§ Task description
Give an unaltered copy of the listing below, minus its pictures.

§ Data shown
★ ★ ★

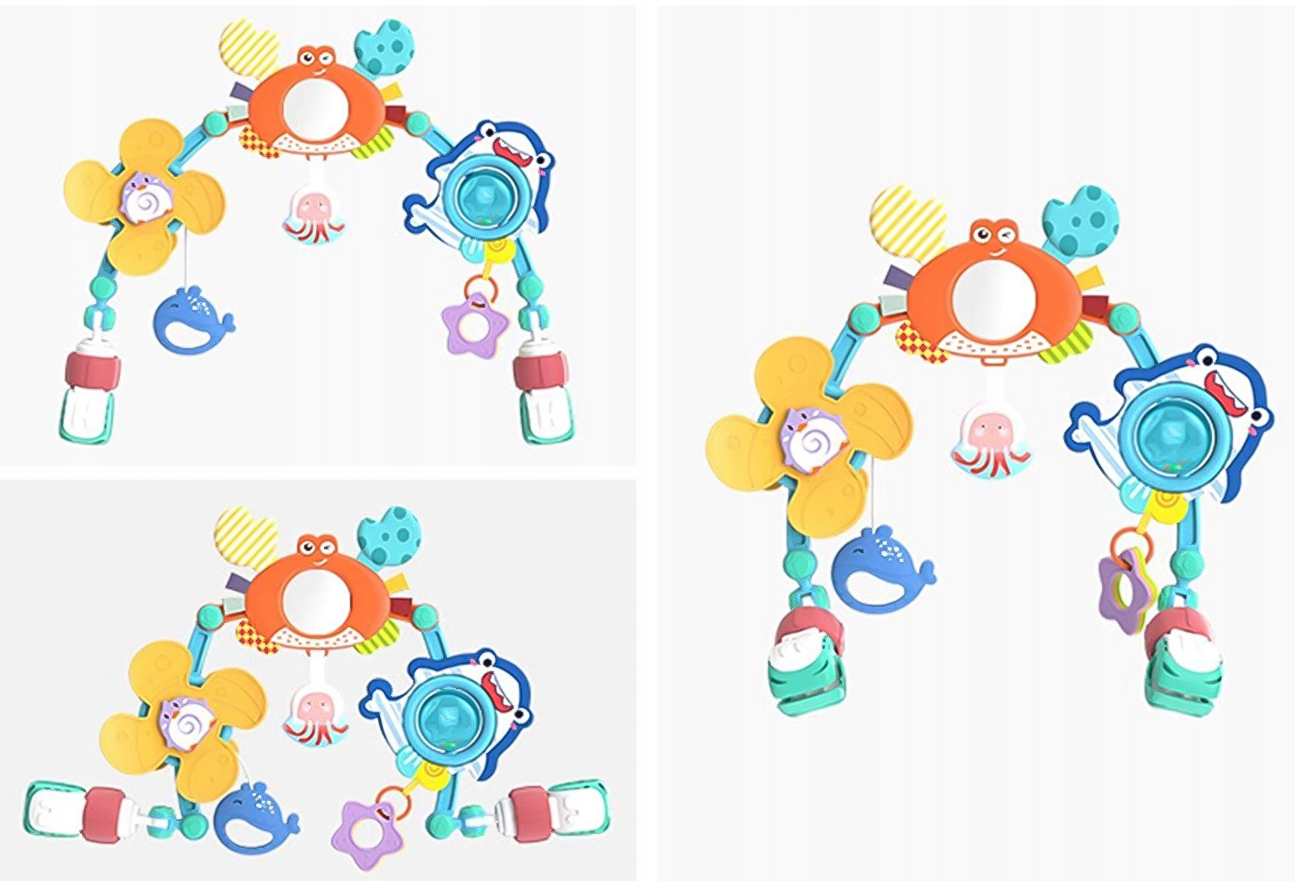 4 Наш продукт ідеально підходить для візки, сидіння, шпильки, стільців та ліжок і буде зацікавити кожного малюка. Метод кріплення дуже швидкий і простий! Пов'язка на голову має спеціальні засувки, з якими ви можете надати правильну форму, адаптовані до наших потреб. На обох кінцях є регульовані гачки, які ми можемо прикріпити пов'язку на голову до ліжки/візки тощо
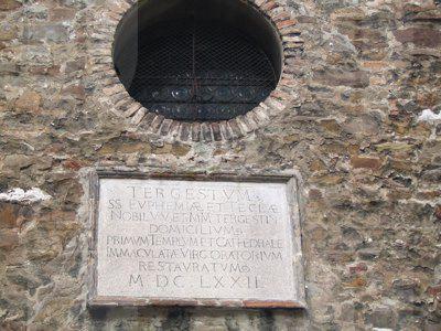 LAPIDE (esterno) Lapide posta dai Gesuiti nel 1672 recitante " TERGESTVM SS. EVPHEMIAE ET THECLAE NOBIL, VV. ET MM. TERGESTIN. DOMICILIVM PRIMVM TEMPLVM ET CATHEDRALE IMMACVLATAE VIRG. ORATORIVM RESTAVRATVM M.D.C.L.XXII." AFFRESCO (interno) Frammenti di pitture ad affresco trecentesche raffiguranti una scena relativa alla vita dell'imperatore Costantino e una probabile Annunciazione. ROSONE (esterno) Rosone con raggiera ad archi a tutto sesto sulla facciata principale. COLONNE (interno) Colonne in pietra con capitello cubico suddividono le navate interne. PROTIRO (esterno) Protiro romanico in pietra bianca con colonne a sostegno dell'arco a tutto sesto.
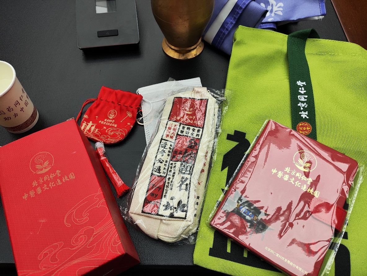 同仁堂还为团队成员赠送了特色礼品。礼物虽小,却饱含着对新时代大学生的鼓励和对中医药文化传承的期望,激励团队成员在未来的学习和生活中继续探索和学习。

★ ★ ★

§ Your response
 4 Наш продукт ідеально підходить для візки, сидіння, шпильки, стільців та ліжок і буде зацікавити кожного малюка. Метод кріплення дуже швидкий і простий! Пов'язка на голову має спеціальні засувки, з якими ви можете надати правильну форму, адаптовані до наших потреб. На обох кінцях є регульовані гачки, які ми можемо прикріпити пов'язку на голову до ліжки/візки тощо
 LAPIDE (esterno) Lapide posta dai Gesuiti nel 1672 recitante " TERGESTVM SS. EVPHEMIAE ET THECLAE NOBIL, VV. ET MM. TERGESTIN. DOMICILIVM PRIMVM TEMPLVM ET CATHEDRALE IMMACVLATAE VIRG. ORATORIVM RESTAVRATVM M.D.C.L.XXII." AFFRESCO (interno) Frammenti di pitture ad affresco trecentesche raffiguranti una scena relativa alla vita dell'imperatore Costantino e una probabile Annunciazione. ROSONE (esterno) Rosone con raggiera ad archi a tutto sesto sulla facciata principale. COLONNE (interno) Colonne in pietra con capitello cubico suddividono le navate interne. PROTIRO (esterno) Protiro romanico in pietra bianca con colonne a sostegno dell'arco a tutto sesto.
 同仁堂还为团队成员赠送了特色礼品。礼物虽小,却饱含着对新时代大学生的鼓励和对中医药文化传承的期望,激励团队成员在未来的学习和生活中继续探索和学习。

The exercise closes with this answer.